The Chain Rule for Single Variables
Neural networks are built by stacking layers — each layer takes the output of the previous one as input. Mathematically, this means neural networks are compositions of functions: functions inside of functions. The chain rule is the calculus tool that tells you how to take the derivative of a composition.
Function Composition
When one function feeds into another, we call it composition. If g(x) = 2x and f(u) = u², then:
f(g(x)) = f(2x) = (2x)² = 4x²
The "inner function" g transforms the input first, then the "outer function" f processes the result.
In a neural network, this happens at every layer:
input → [layer 1: multiply by weights] → [activation function] → [layer 2: multiply by weights] → ...
Each arrow is a function, and the whole pipeline is a composition.
The Chain Rule
If y = f(g(x)), the chain rule says:
dy/dx = f'(g(x)) · g'(x)
In words: the derivative of the outer function, evaluated at the inner function, times the derivative of the inner function.

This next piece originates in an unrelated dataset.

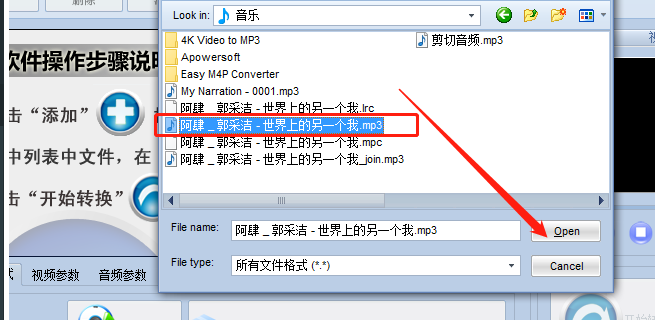 2.点击选择文件选项之后会打开选择文件的界面,在这个界面中我们选中想要转换格式的音频文件之后点击打开按钮。
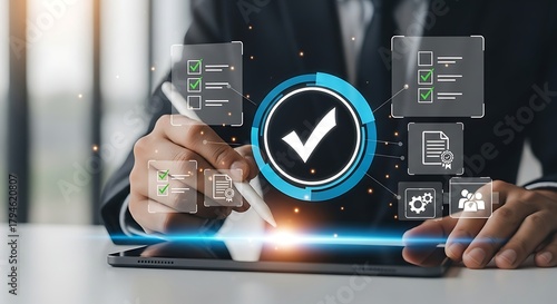Business professional interacting with a digital interface displaying a verified checkmark and various icons representing business processes and data analysis on a tablet screen

An equivalent and more intuitive notation uses intermediate variables:
If y = f(u) and u = g(x), then:
dy/dx = dy/du · du/dx
This reads naturally: the rate of change of y with respect to x equals the rate of change of y with respect to u, times the rate of change of u with respect to x.
The Chain Analogy
Think of a chain of gears. If the first gear (x) turns, it makes the second gear (u) turn, which makes the third gear (y) turn.
x ──→ u ──→ y
du/dx dy/du
How fast does y turn compared to x? Multiply the ratios:
dy/dx = dy/du × du/dx
If u turns twice as fast as x (du/dx = 2), and y turns three times as fast as u (dy/du = 3), then y turns six times as fast as x (dy/dx = 6).
Example: Derivative of (2x + 1)³
Let u = 2x + 1 (inner function) and y = u³ (outer function).
dy/du = 3u² = 3(2x + 1)² (power rule on outer)
du/dx = 2 (derivative of inner)
dy/dx = 3(2x + 1)² · 2 = 6(2x + 1)²
Example: Derivative of e⁻ˣ²
Let u = -x² (inner function) and y = eᵘ (outer function).
dy/du = eᵘ = e⁻ˣ² (exponential rule)
du/dx = -2x (power rule)
dy/dx = e⁻ˣ² · (-2x) = -2x · e⁻ˣ²
This function appears in Gaussian (normal) distributions, which are fundamental to ML.
Chaining More Than Two Functions
The chain rule extends to any number of composed functions. If y depends on u, which depends on v, which depends on x:
dy/dx = dy/du · du/dv · dv/dx
Example: A Three-Layer Computation
v = 3x (linear transformation)
u = v² (squaring)
y = sin(u) (activation-like function)
dv/dx = 3
du/dv = 2v = 6x
dy/du = cos(u) = cos(9x²)
dy/dx = cos(9x²) · 6x · 3 = 18x · cos(9x²)
Each factor in the chain corresponds to one "layer" of computation. This is exactly how backpropagation works in neural networks — it multiplies the local derivatives along the chain from output to input.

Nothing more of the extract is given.